#### Data provided:
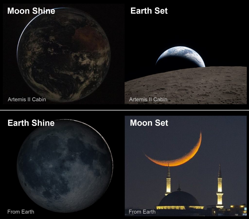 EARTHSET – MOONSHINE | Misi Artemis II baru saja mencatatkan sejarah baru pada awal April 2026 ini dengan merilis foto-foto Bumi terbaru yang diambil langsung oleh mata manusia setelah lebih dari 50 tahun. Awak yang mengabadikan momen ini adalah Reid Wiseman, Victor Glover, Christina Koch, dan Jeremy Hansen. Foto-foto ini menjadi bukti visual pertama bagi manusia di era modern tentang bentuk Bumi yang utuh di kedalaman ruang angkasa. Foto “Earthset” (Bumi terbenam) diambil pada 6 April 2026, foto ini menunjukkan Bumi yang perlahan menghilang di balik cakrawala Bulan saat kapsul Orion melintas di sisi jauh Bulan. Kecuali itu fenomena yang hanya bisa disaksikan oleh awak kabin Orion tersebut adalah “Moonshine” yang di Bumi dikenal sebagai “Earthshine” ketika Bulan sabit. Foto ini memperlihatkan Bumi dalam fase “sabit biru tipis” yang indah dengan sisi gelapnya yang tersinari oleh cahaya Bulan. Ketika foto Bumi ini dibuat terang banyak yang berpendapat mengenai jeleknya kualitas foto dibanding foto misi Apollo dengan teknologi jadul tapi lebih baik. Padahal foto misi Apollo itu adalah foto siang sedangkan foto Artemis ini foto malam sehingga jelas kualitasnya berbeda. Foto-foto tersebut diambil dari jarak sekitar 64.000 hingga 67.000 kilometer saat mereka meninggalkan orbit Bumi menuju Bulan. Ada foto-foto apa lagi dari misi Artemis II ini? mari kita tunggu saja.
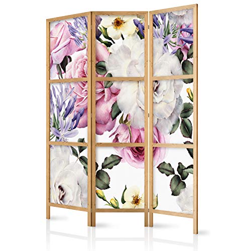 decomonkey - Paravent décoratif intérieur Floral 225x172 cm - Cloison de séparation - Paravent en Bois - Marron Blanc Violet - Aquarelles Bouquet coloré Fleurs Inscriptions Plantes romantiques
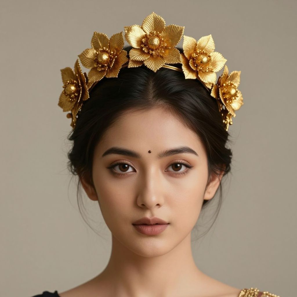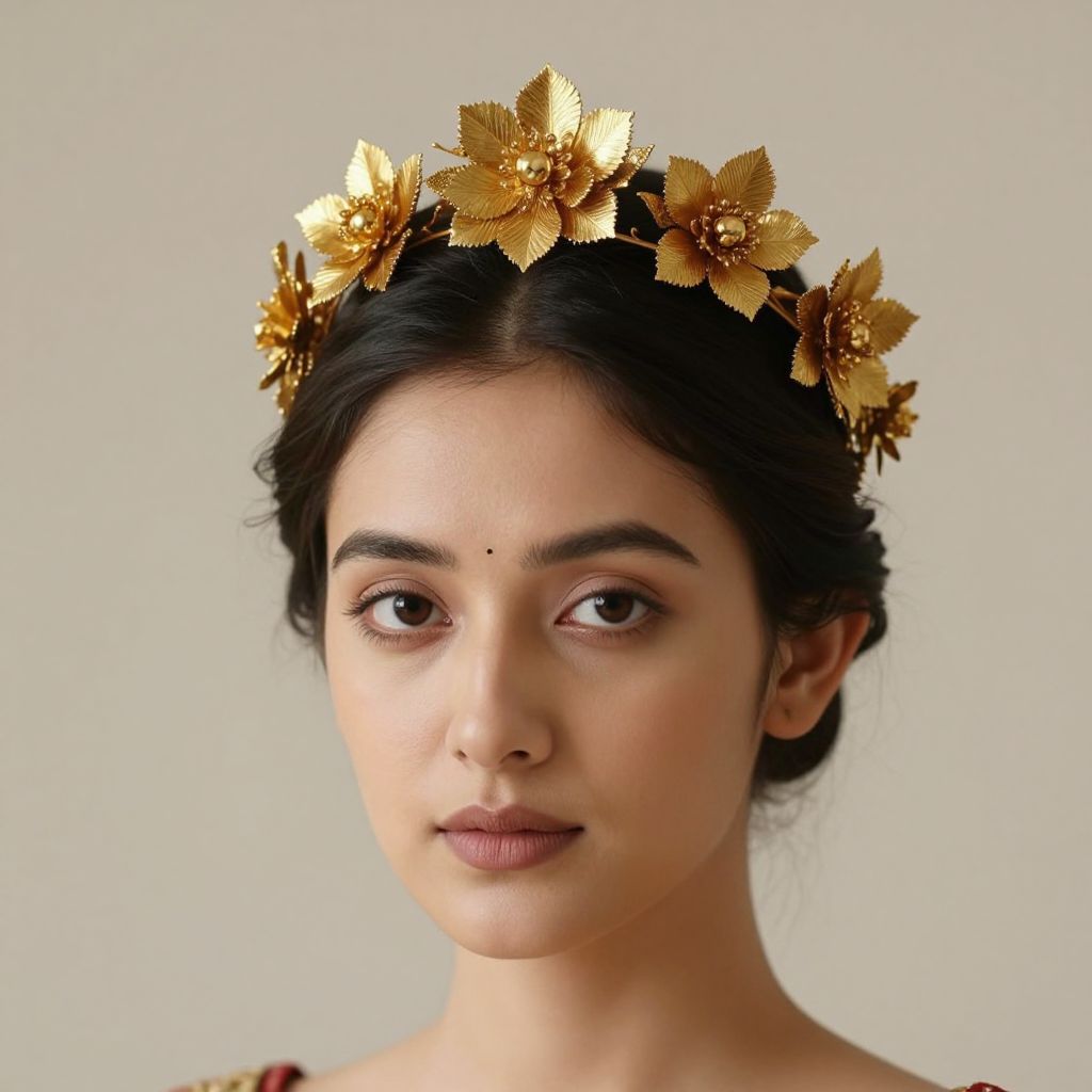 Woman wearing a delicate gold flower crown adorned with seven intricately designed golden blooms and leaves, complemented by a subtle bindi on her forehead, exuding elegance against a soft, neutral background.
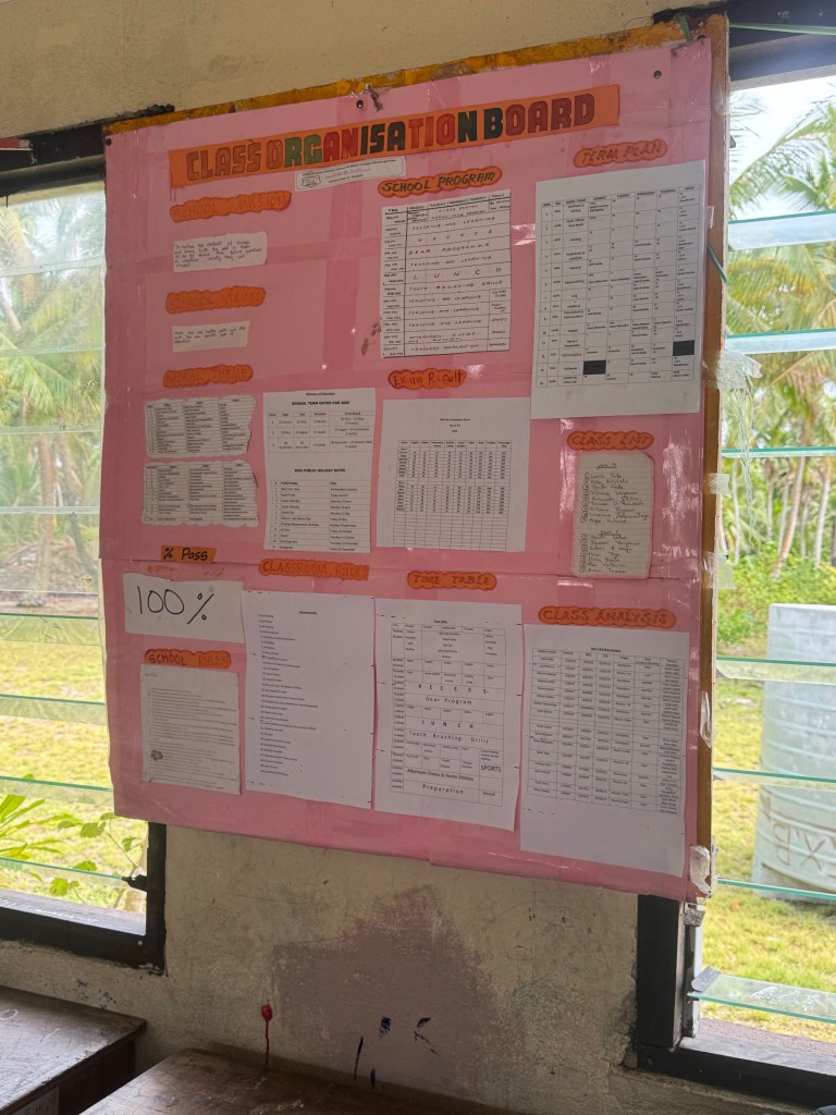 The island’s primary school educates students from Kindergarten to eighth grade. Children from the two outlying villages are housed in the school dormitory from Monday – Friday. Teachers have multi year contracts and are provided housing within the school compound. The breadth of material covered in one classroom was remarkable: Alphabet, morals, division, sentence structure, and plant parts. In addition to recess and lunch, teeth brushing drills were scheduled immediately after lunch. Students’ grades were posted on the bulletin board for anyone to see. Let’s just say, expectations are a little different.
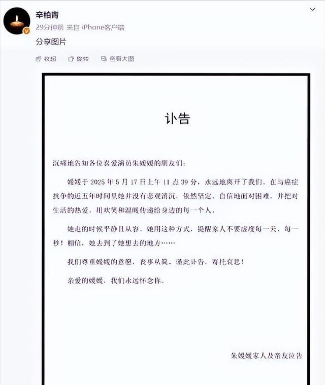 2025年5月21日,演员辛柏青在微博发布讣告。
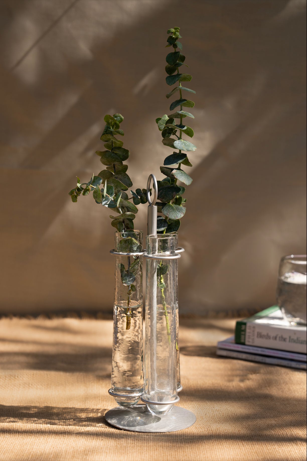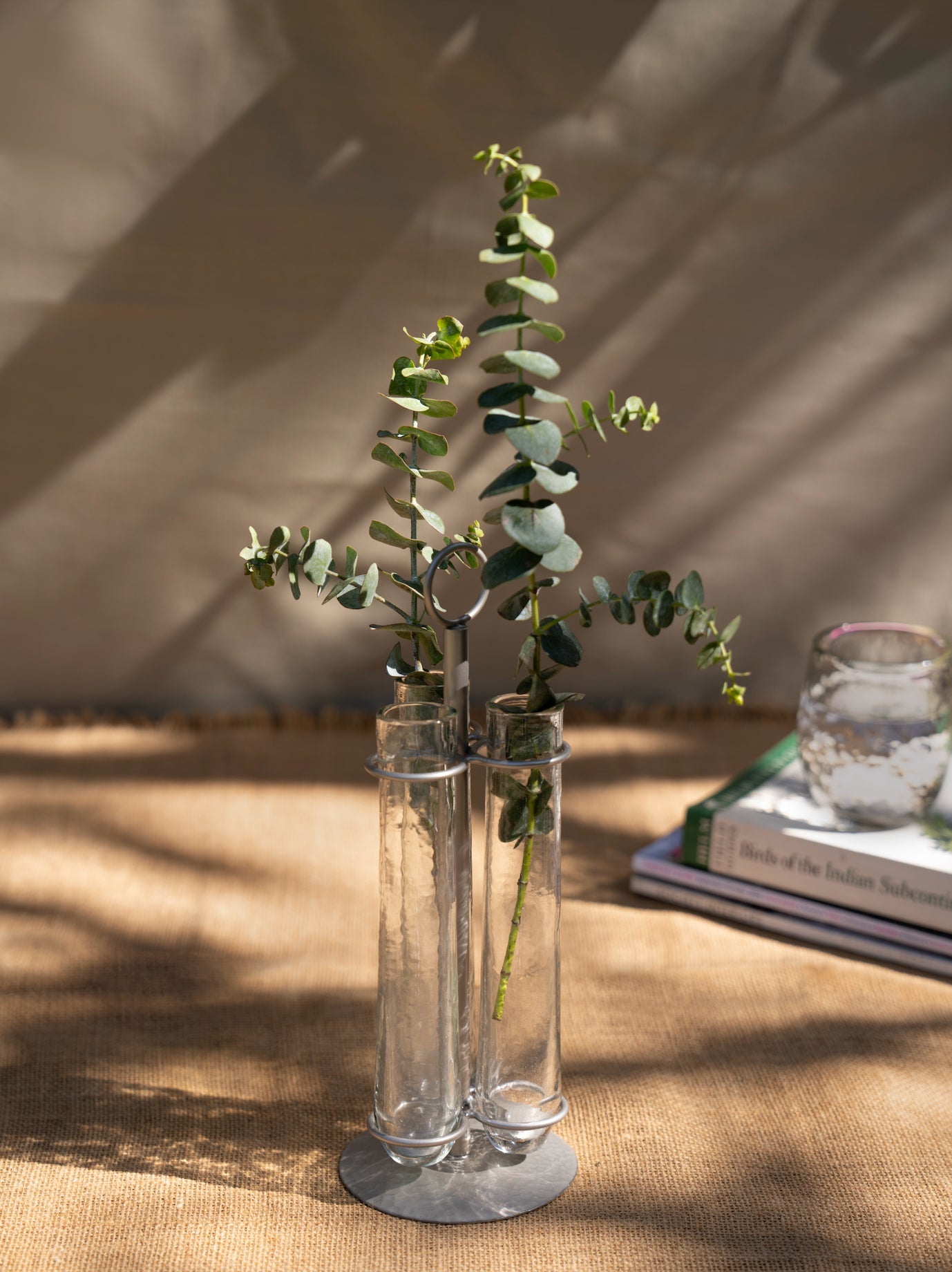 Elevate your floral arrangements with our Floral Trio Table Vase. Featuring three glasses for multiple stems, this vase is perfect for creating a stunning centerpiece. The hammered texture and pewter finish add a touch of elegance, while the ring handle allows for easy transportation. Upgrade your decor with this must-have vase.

---

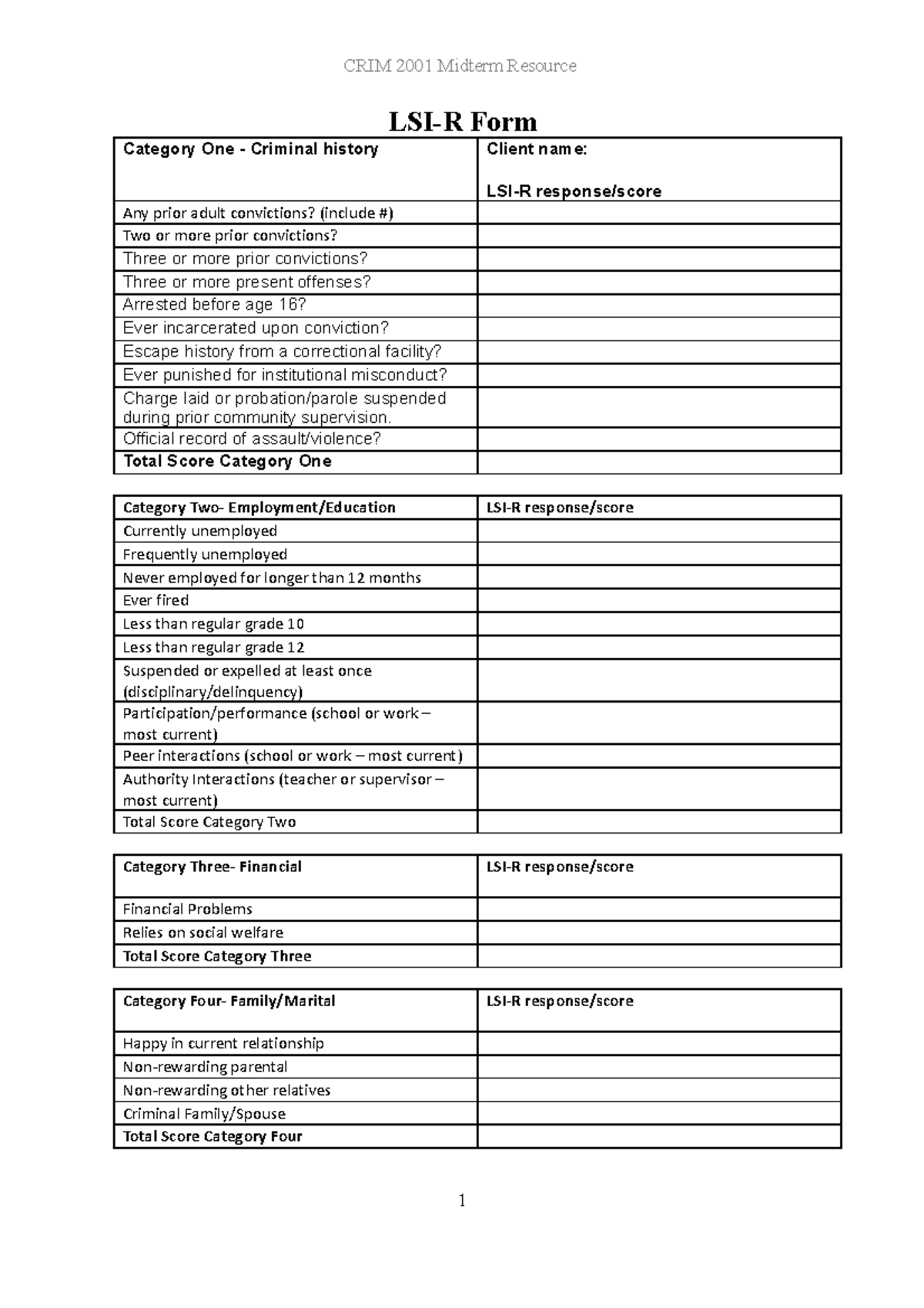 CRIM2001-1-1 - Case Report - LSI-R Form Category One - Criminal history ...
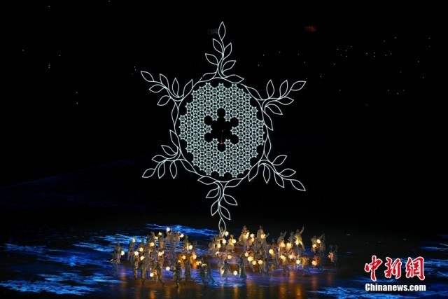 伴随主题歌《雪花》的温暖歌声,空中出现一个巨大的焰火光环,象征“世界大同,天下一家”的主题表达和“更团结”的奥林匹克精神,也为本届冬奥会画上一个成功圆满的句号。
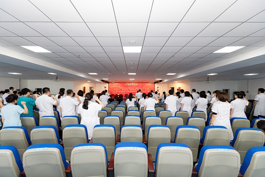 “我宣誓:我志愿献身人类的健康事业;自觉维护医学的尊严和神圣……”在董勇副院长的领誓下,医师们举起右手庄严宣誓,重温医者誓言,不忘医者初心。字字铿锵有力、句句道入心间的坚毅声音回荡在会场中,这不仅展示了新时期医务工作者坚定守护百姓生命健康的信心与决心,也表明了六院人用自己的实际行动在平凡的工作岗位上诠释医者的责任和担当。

---

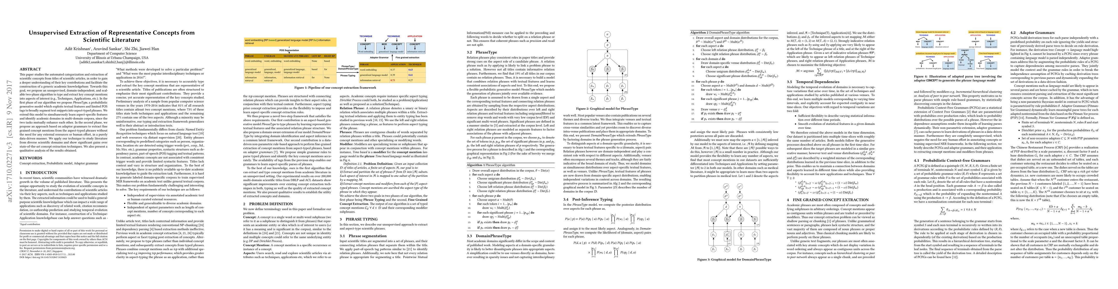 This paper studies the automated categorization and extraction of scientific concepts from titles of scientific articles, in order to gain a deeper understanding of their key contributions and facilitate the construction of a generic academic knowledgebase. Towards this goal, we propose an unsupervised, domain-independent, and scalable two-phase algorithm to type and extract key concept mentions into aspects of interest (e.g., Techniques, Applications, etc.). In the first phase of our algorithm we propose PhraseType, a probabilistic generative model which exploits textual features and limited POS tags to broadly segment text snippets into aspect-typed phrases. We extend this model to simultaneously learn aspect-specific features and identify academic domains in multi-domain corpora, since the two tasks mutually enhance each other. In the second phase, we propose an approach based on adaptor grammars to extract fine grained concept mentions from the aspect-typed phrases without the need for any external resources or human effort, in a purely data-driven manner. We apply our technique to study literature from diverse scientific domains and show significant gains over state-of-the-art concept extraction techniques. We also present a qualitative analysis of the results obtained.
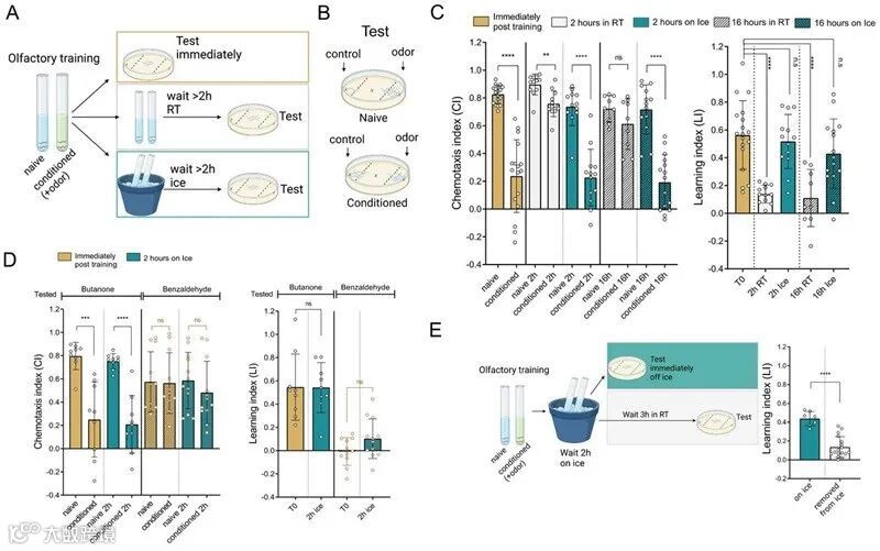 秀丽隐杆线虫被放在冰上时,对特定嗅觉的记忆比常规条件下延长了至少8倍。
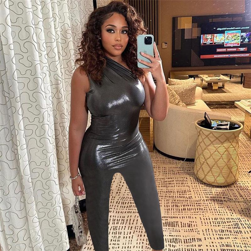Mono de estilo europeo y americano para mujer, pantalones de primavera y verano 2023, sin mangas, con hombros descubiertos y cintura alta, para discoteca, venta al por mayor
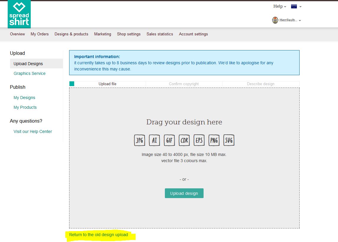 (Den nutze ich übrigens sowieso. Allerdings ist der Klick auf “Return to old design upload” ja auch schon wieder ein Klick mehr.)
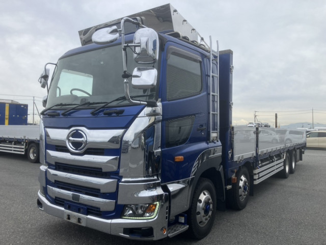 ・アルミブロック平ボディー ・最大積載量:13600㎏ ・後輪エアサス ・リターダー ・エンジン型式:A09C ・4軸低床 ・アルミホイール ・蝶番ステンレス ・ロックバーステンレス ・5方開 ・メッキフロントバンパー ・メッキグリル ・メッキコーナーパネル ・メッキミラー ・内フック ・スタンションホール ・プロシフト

#### Your objective:
Take only the lines above from the one that has "EARTHSET – MOONSHINE" through the one that has "Woman wearing a" and reproduce them exactly, omitting any pictures.

#### Result of this task:
 EARTHSET – MOONSHINE | Misi Artemis II baru saja mencatatkan sejarah baru pada awal April 2026 ini dengan merilis foto-foto Bumi terbaru yang diambil langsung oleh mata manusia setelah lebih dari 50 tahun. Awak yang mengabadikan momen ini adalah Reid Wiseman, Victor Glover, Christina Koch, dan Jeremy Hansen. Foto-foto ini menjadi bukti visual pertama bagi manusia di era modern tentang bentuk Bumi yang utuh di kedalaman ruang angkasa. Foto “Earthset” (Bumi terbenam) diambil pada 6 April 2026, foto ini menunjukkan Bumi yang perlahan menghilang di balik cakrawala Bulan saat kapsul Orion melintas di sisi jauh Bulan. Kecuali itu fenomena yang hanya bisa disaksikan oleh awak kabin Orion tersebut adalah “Moonshine” yang di Bumi dikenal sebagai “Earthshine” ketika Bulan sabit. Foto ini memperlihatkan Bumi dalam fase “sabit biru tipis” yang indah dengan sisi gelapnya yang tersinari oleh cahaya Bulan. Ketika foto Bumi ini dibuat terang banyak yang berpendapat mengenai jeleknya kualitas foto dibanding foto misi Apollo dengan teknologi jadul tapi lebih baik. Padahal foto misi Apollo itu adalah foto siang sedangkan foto Artemis ini foto malam sehingga jelas kualitasnya berbeda. Foto-foto tersebut diambil dari jarak sekitar 64.000 hingga 67.000 kilometer saat mereka meninggalkan orbit Bumi menuju Bulan. Ada foto-foto apa lagi dari misi Artemis II ini? mari kita tunggu saja.
 decomonkey - Paravent décoratif intérieur Floral 225x172 cm - Cloison de séparation - Paravent en Bois - Marron Blanc Violet - Aquarelles Bouquet coloré Fleurs Inscriptions Plantes romantiques
 Woman wearing a delicate gold flower crown adorned with seven intricately designed golden blooms and leaves, complemented by a subtle bindi on her forehead, exuding elegance against a soft, neutral background.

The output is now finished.